Articles

Trump Is the Change Voters Wanted

Bloomberg View , November 09, 2016

Many liberals are telling themselves a story about Donald Trump’s victory that is depressing, frightening, self-congratulatory and not entirely true: that it represents the voters’ endorsement of racism, misogyny, ignorance and generally being a jerk.

Trump may indeed represent those things. But he didn’t win the presidency because American voters were ratifying his worst elements. As Amy Walter of Cook Political Report observed, “Voters did not like Trump, but voted for him anyway”:

60 percent of voters viewed him unfavorably, yet he got 15% of those voters to vote for him.
63 percent of voters said they didn’t think he had the “temperament” to be president, he got 20% of those voters to support him.
60 percent of voters said they didn’t think he was qualified to be president and yet 18 percent gave him their vote.

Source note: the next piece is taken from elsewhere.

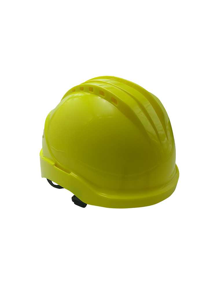 Amarillo. Especialmente diseñado para ser utilizado en trabajos en altura, emergencias y espacios confinados gracias a la ausencia de visera y a su barboquejo en Y de 4 puntos de anclaje.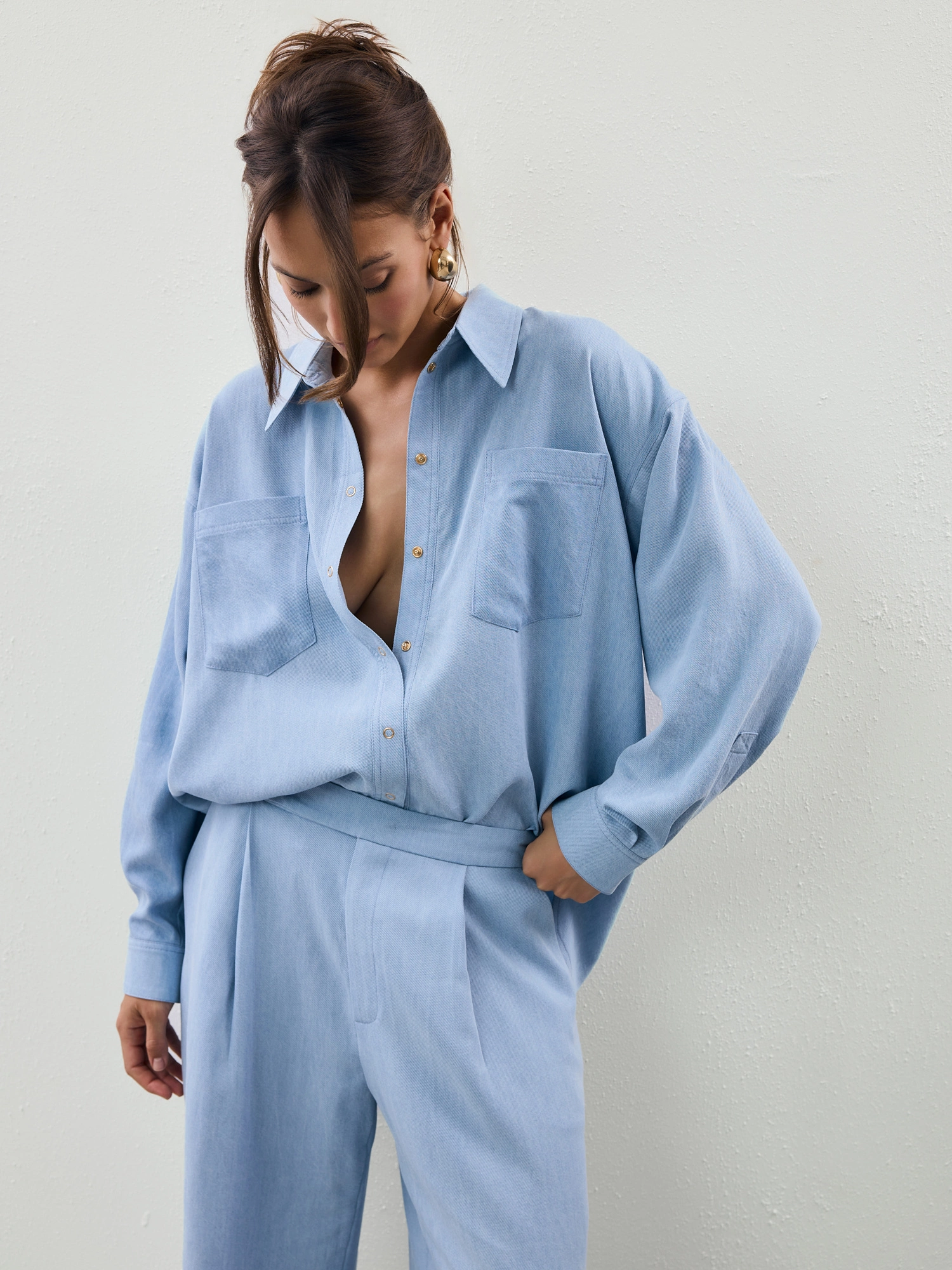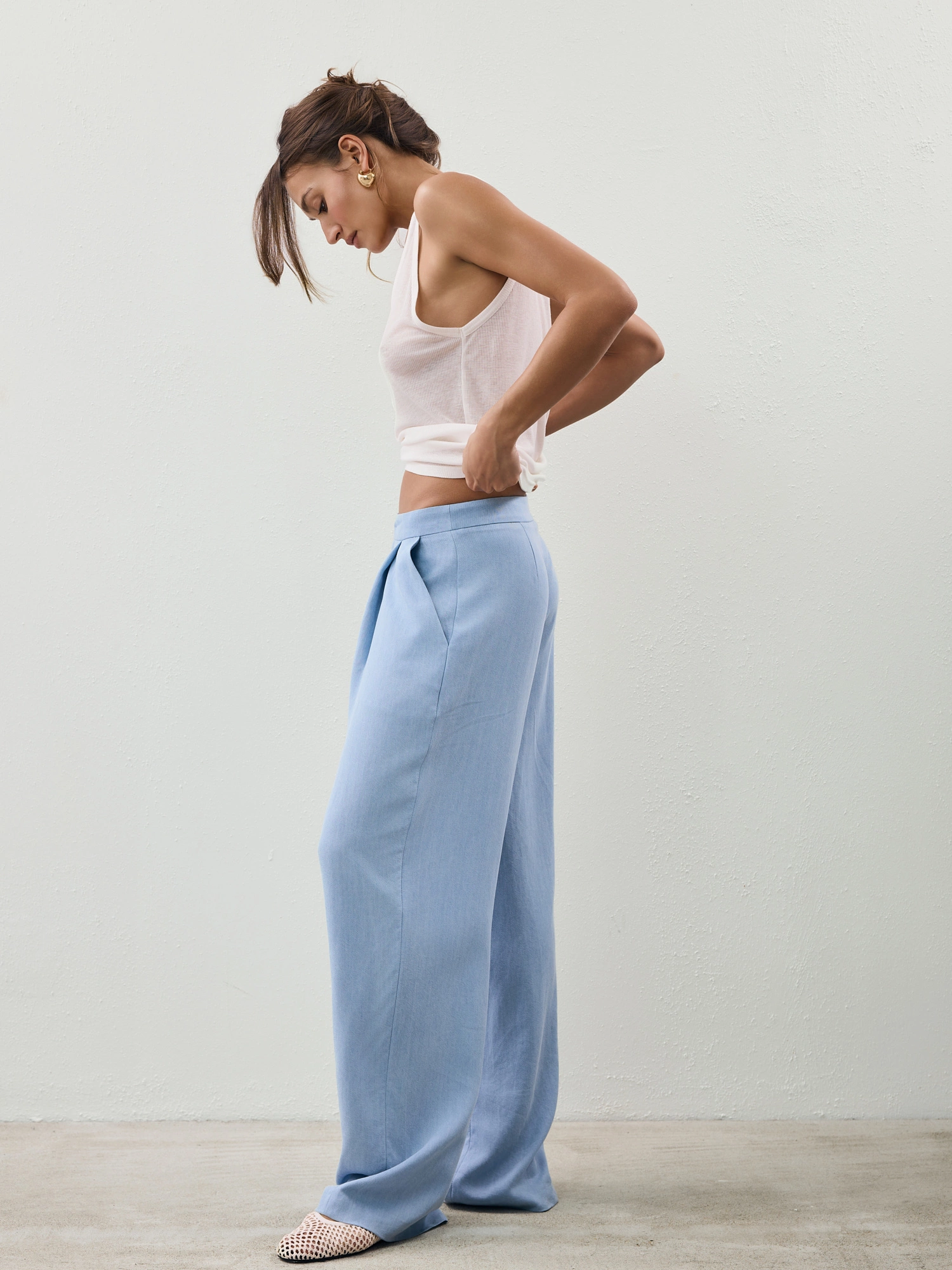 Tailored in a menswear-inspired style, these pants are made from an ultra-soft, skin-friendly blend of viscose and linen. The fabric visually resembles denim, featuring a signature light blue hue and a subtle diagonal texture. It’s fluid, lightweight, and breathable—allowing for beautiful drape and effortless movement. Designed with straight, loose legs, a classic mid-rise waist, and two front pleats, they offer both structure and ease. Handy side pockets add practicality to the refined silhouette.

He also pulled 29 percent of the voters who said his treatment of women bothered them.

People voted for Trump for all kinds of reasons.

Many wanted to elect someone from outside the system and were voting for change in much the same way Barack Obama’s voters were in 2008. (In fact, many of Trump’s crucial working-class white voters had also voted for Obama, which undermines the racism explanation.) When exit polls asked what quality in a candidate matters most, a plurality of voters, 39 percent, said “can bring change.” Trump captured 83 percent of those votes.

Some voters were upset that their health insurance premiums are skyrocketing, and they believed he could do something about that. As a friend of mine wrote on Facebook, “I didn’t get as many fliers this year from campaigns on issues or on behalf of candidates, but did get something from Blue Shield last week. As I opened it up, I quipped to myself that this was campaign material from the RNC. How many other Americans got similar mailings and felt similar outrage, but decided to vent it against the party in power?”

Others think that Trump can cut through various kinds of red tape and allow the public and private sectors to “get things done,” especially by improving roads, airports and other infrastructure. He likes to portray himself as a builder, and many people -- including his high-profile Silicon Valley supporter Peter Thiel -- are drawn to that image.

Many Trump voters were simply people who tend to vote Republican. Hillary Clinton offered them no reason to switch allegiances. When Election Day arrived, they did what they usually do.

I don’t like Trump, but I know enough of his voters, and have read enough about others, to know that very few were embracing the whole package. Trump’s coalition certainly includes an element who are tired of being told that they’re worthless and awful -- Won’t it be great when stupid white men are put in their place! -- and are punching back, sometimes in deplorable ways. For them, voting for Trump is a way of combating political correctness. But it’s also a positive vote for someone they believe is proud of them and proud of their country.

Liberals want to turn Trump’s victory into an endorsement of racism and misogyny. That’s a dumb strategy if you’re against those things. The liberal belief that half the country is made up of horrible people is a big reason Trump got elected, and the more Democrats keep repeating it, the more likely their worst fears are to come true.